Record extracts:
━━━━━━━━━━
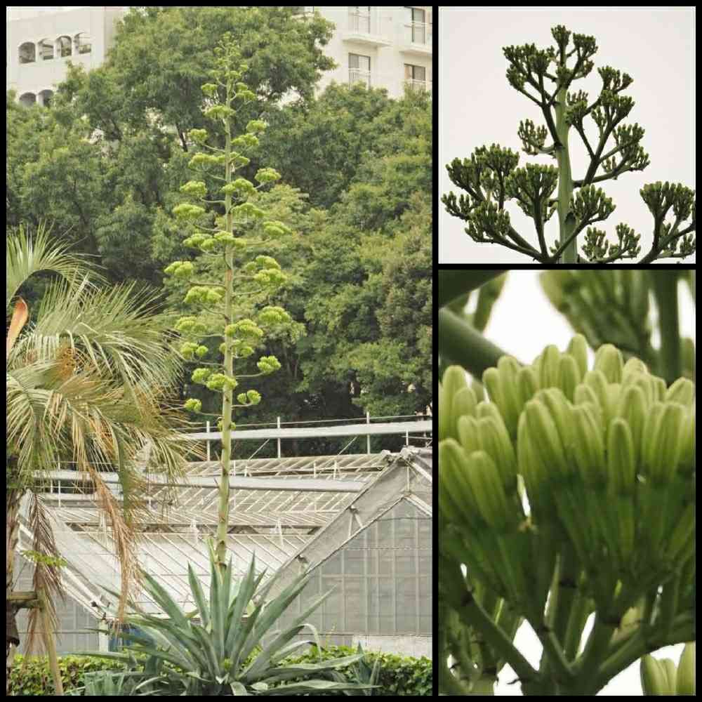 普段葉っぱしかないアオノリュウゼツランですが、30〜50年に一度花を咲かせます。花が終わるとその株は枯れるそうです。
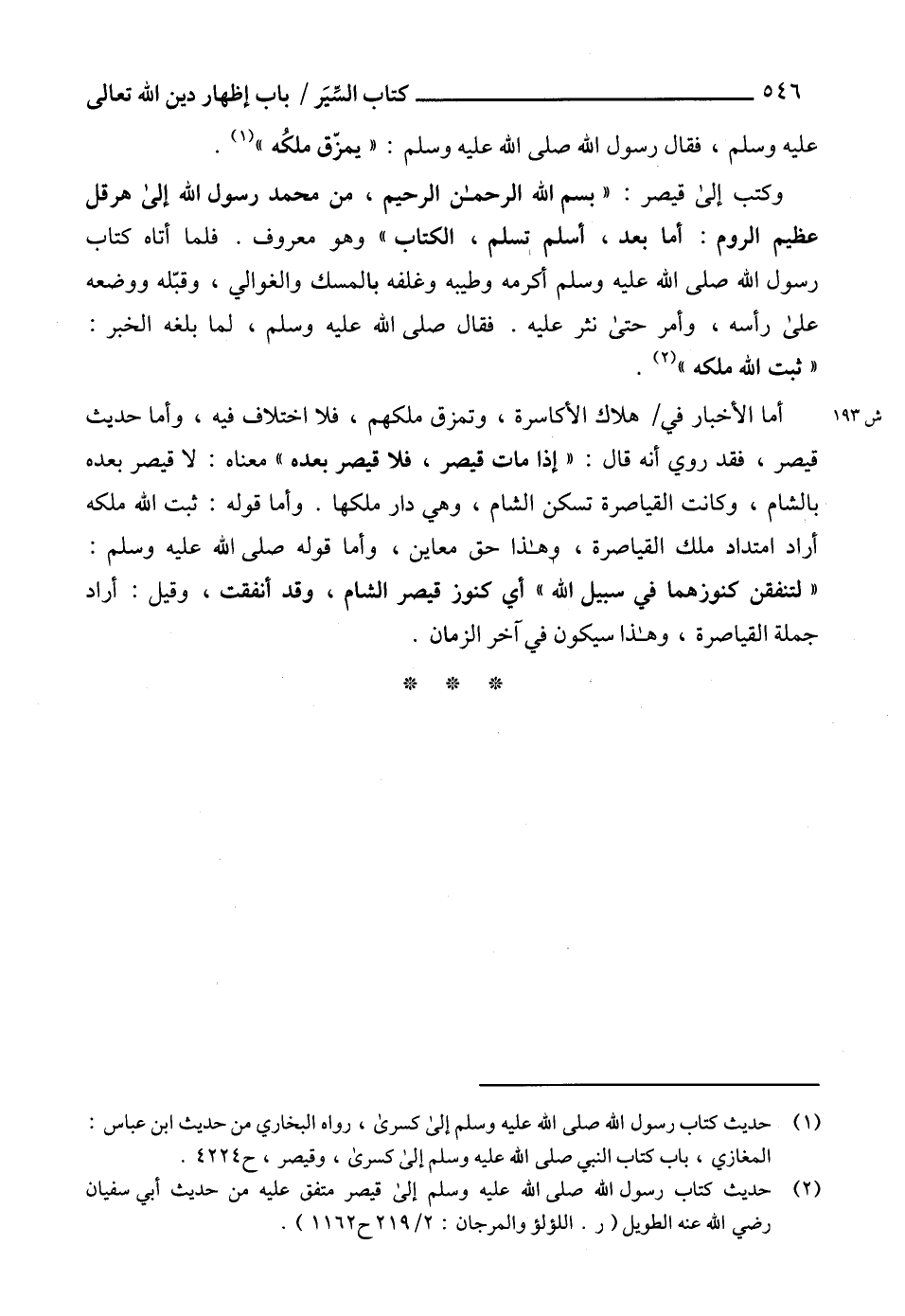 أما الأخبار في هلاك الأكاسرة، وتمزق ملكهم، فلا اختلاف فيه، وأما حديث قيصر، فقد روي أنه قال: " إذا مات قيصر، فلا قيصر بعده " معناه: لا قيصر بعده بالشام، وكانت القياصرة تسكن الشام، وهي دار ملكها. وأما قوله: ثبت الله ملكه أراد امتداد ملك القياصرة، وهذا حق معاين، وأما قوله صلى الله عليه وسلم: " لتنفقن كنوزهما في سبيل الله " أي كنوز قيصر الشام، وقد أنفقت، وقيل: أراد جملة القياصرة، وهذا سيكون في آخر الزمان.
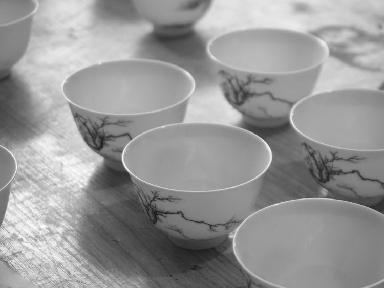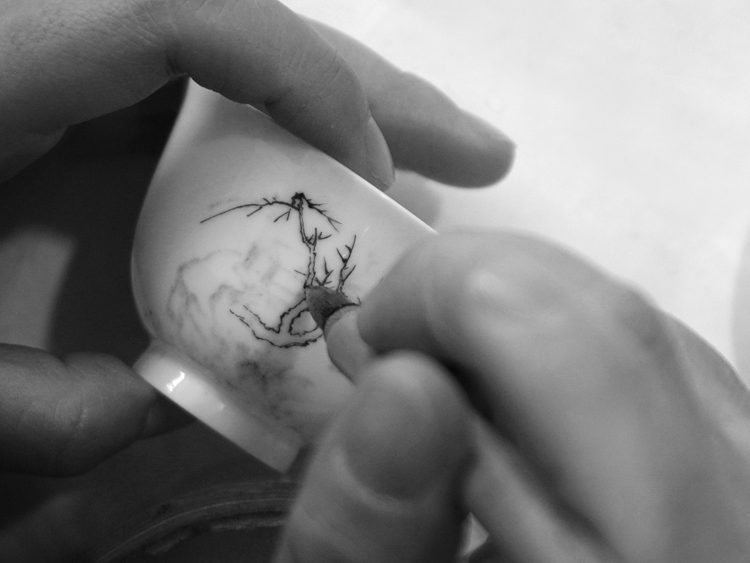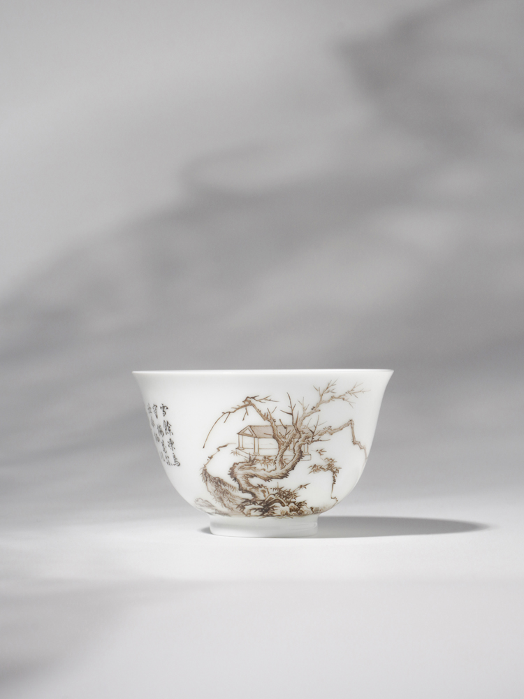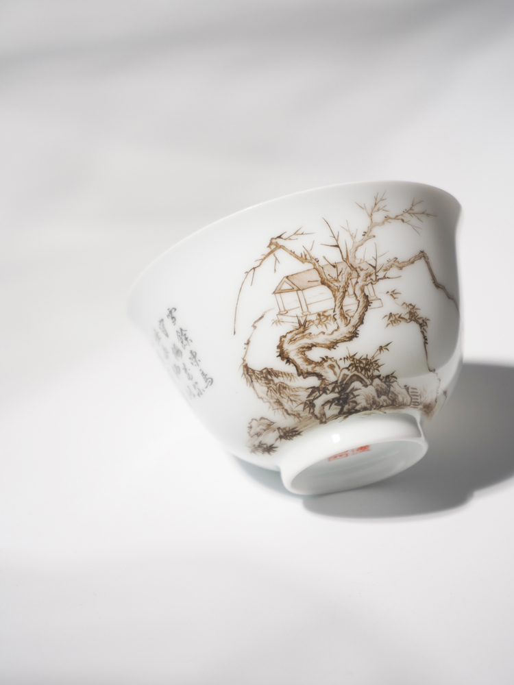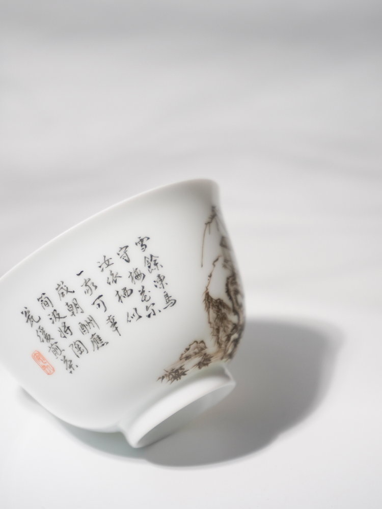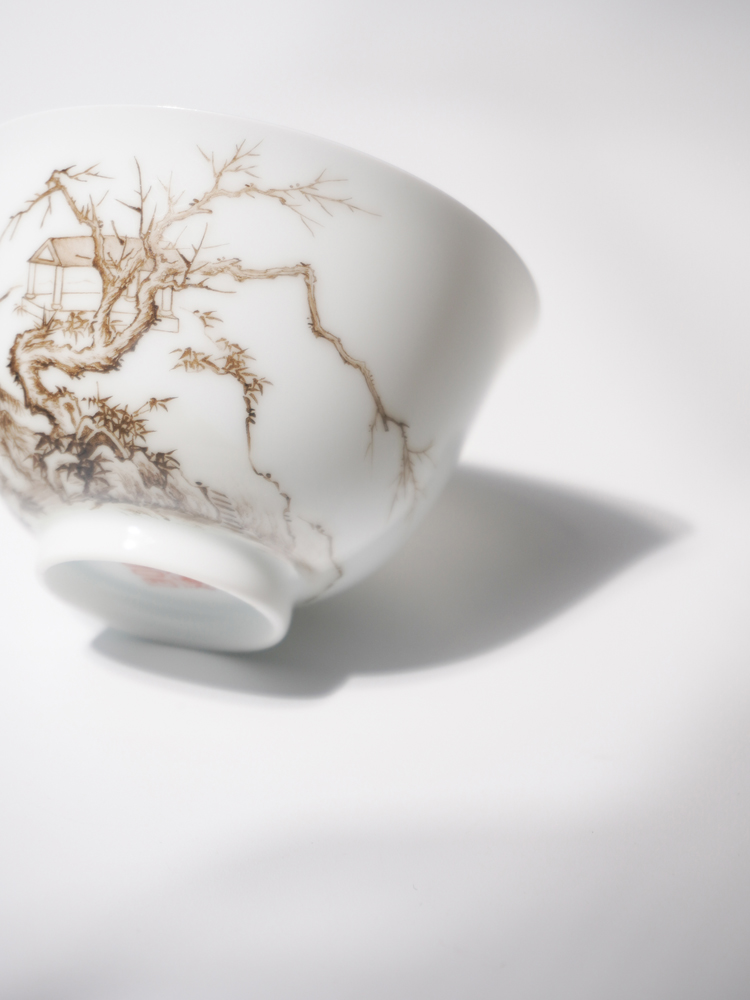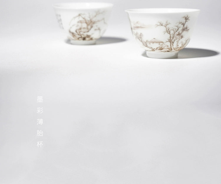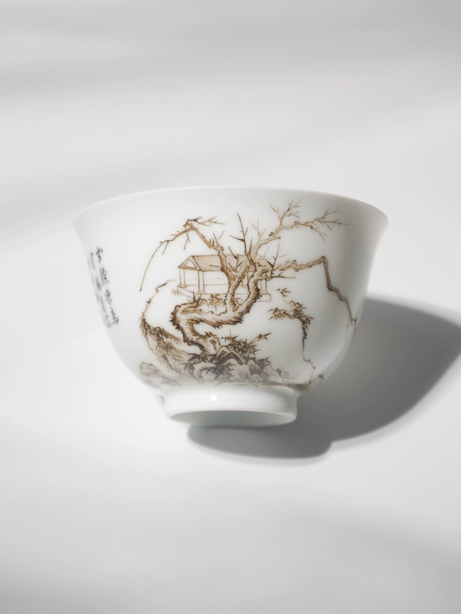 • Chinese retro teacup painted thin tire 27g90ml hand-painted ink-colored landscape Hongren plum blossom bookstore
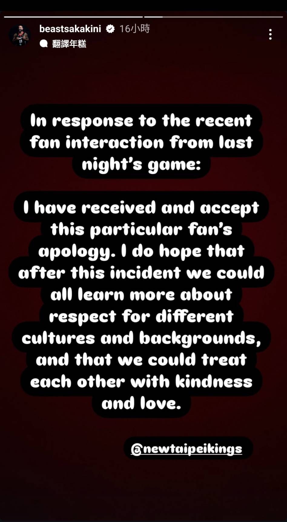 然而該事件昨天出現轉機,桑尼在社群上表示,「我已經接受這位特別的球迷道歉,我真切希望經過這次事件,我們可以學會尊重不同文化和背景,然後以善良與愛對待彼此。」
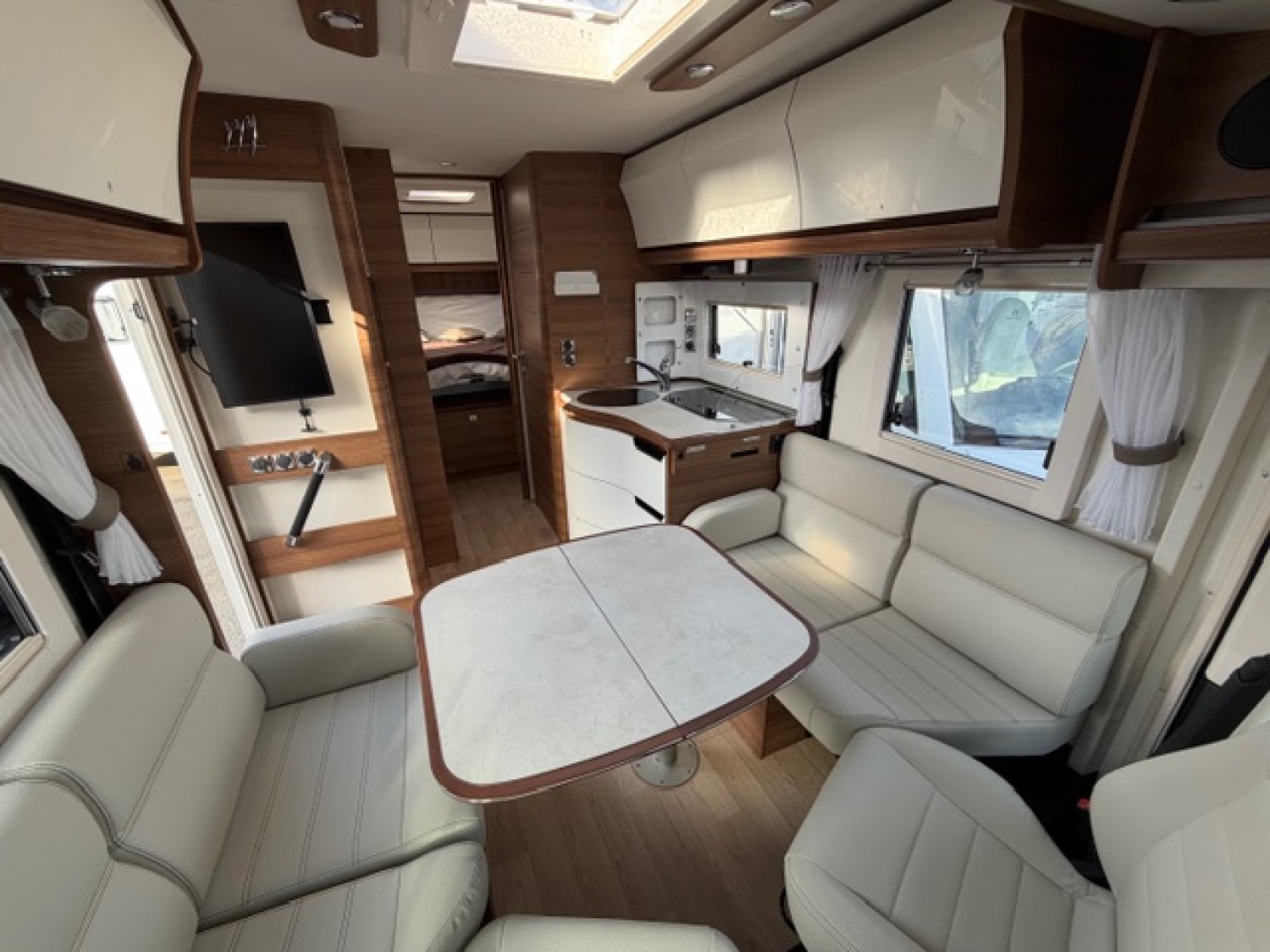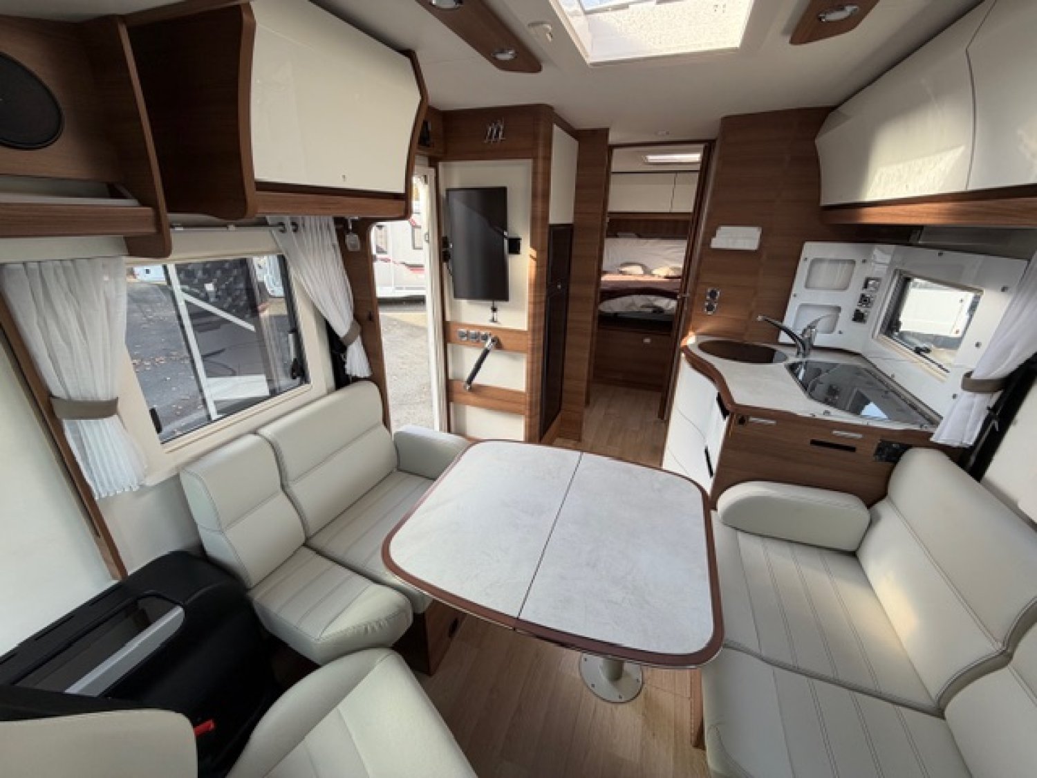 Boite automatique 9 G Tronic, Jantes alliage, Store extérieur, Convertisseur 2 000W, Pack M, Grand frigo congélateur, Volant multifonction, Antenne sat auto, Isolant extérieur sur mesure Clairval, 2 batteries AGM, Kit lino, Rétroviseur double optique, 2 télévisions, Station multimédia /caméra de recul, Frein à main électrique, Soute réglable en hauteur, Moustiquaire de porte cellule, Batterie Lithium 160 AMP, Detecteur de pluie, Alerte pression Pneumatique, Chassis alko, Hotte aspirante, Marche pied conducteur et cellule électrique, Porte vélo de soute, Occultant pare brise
━━━━━━━━━━
Exercise: Apart from the images, every line above needs to be printed again exactly.

Answer box:
 普段葉っぱしかないアオノリュウゼツランですが、30〜50年に一度花を咲かせます。花が終わるとその株は枯れるそうです。
 أما الأخبار في هلاك الأكاسرة، وتمزق ملكهم، فلا اختلاف فيه، وأما حديث قيصر، فقد روي أنه قال: " إذا مات قيصر، فلا قيصر بعده " معناه: لا قيصر بعده بالشام، وكانت القياصرة تسكن الشام، وهي دار ملكها. وأما قوله: ثبت الله ملكه أراد امتداد ملك القياصرة، وهذا حق معاين، وأما قوله صلى الله عليه وسلم: " لتنفقن كنوزهما في سبيل الله " أي كنوز قيصر الشام، وقد أنفقت، وقيل: أراد جملة القياصرة، وهذا سيكون في آخر الزمان.
 • Chinese retro teacup painted thin tire 27g90ml hand-painted ink-colored landscape Hongren plum blossom bookstore
 然而該事件昨天出現轉機,桑尼在社群上表示,「我已經接受這位特別的球迷道歉,我真切希望經過這次事件,我們可以學會尊重不同文化和背景,然後以善良與愛對待彼此。」
 Boite automatique 9 G Tronic, Jantes alliage, Store extérieur, Convertisseur 2 000W, Pack M, Grand frigo congélateur, Volant multifonction, Antenne sat auto, Isolant extérieur sur mesure Clairval, 2 batteries AGM, Kit lino, Rétroviseur double optique, 2 télévisions, Station multimédia /caméra de recul, Frein à main électrique, Soute réglable en hauteur, Moustiquaire de porte cellule, Batterie Lithium 160 AMP, Detecteur de pluie, Alerte pression Pneumatique, Chassis alko, Hotte aspirante, Marche pied conducteur et cellule électrique, Porte vélo de soute, Occultant pare brise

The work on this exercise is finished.